Стефан лег щекой во что-то липкое и теплое. Его охватила томящая усталость, и веки плотно сомкнулись сами собой.

Где-то кричали люди, лаяли собаки, земля сотрясалась от приближающихся шагов.

— Прости, Равиль, — прошептал офицер Краузе, чувствуя, как вместе с сочившейся из ран кровью безвозвратно уплывало сознание. — Простите все меня за то, что я был.

КОНЕЦ ПЕРВОЙ ЧАСТИ.

ВТОРАЯ ЧАСТЬ — БОНУСНАЯ, НАПИСАННАЯ СПЕЦИАЛЬНО ДЛЯ ТЕХ ЧИТАТЕЛЕЙ, КТО НЕ МОЖЕТ СМИРИТЬСЯ С ГИБЕЛЬЮ ОФИЦЕРА И ХОТЕЛ БЫ УЗНАТЬ, КАК БЫ СЛОЖИЛАСЬ СУДЬБА ГЕРОЕВ В ПОСЛЕВОЕННОЕ ВРЕМЯ, ОСТАНЬСЯ КРАУЗЕ ЖИВ.


Примечание к части

Оскар Шиндлер* - реальный персонаж, фабрикант, спасший во время ВОВ более тысячи евреев.

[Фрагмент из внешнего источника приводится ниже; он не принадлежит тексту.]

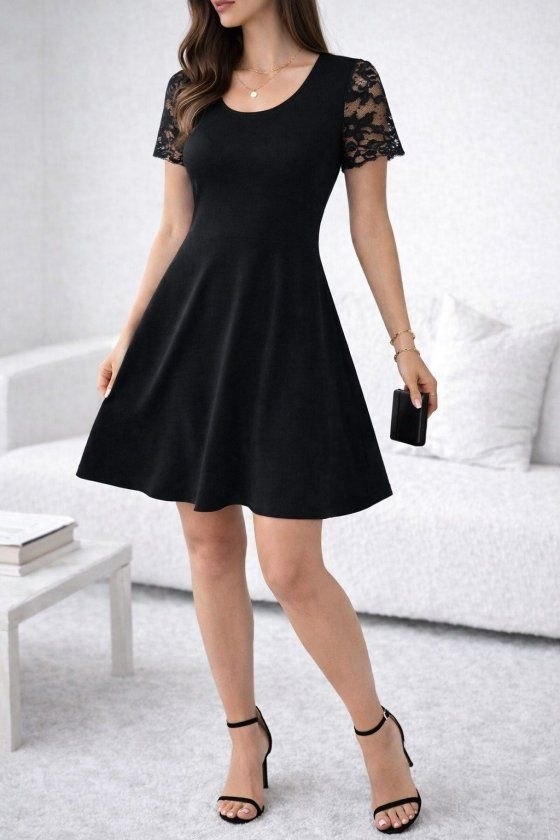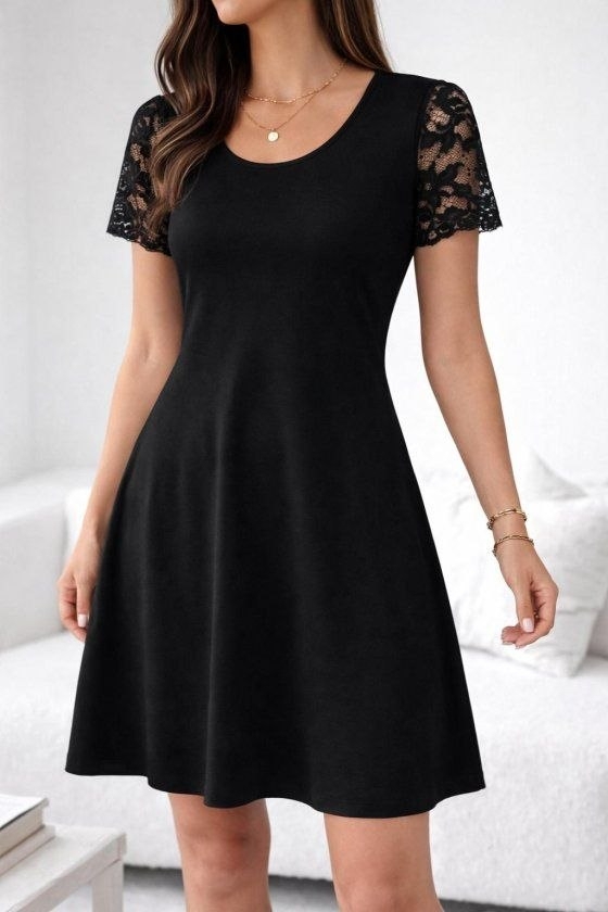 дамска рокл с дантела на ръкавите J62385

Часть 2. (Бонус) После войны. 1. Жизнь без него.


— Тебе письмо, — сухо сказала Ребекка и протянула Равилю изрядно помятый и затертый конверт.

Мельком взглянув на него, Равиль вдруг остолбенел, ясно рассмотрев в графе отправителя фамилию Краузе, написанную четким и крупным почерком. Сердце его учащенно забилось, и он быстро выхватил конверт из рук сестры.

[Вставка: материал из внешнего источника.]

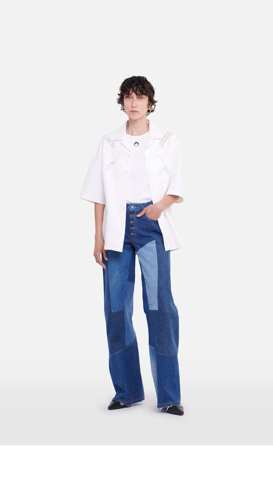 Hybrid Denim Flare Trousers - Navy

Уже прошло шесть лет, как закончилась война, и Равиль Вальд вместе со своей семьей поселился в Швеции. Выбор страны оказался не случаен, ведь именно здесь у него нашлись родственники, которые сами его разыскали и пригласили к себе, — двоюродный дедушка семидесяти лет, вполне еще крепкий и бодрый, и троюродный брат, на пару лет моложе Равиля; они тоже носили фамилию Вальд. В сорок шестом году Равиль переехал к ним, и таким образом вся семья счастливо воссоединилась.

Между троюродным братом и Ребеккой завязались романтические отношения, и они вскоре поженились. Равиль тоже женился, из соображений благородства, на Саре и усыновил ее ребенка. Любви между ними не возникло, но отношения сложились дружеские, доброжелательные и уважительные. Этот брак позволял молодой женщине оставаться жить с ними под одной крышей, иначе это посчиталось бы неприличным.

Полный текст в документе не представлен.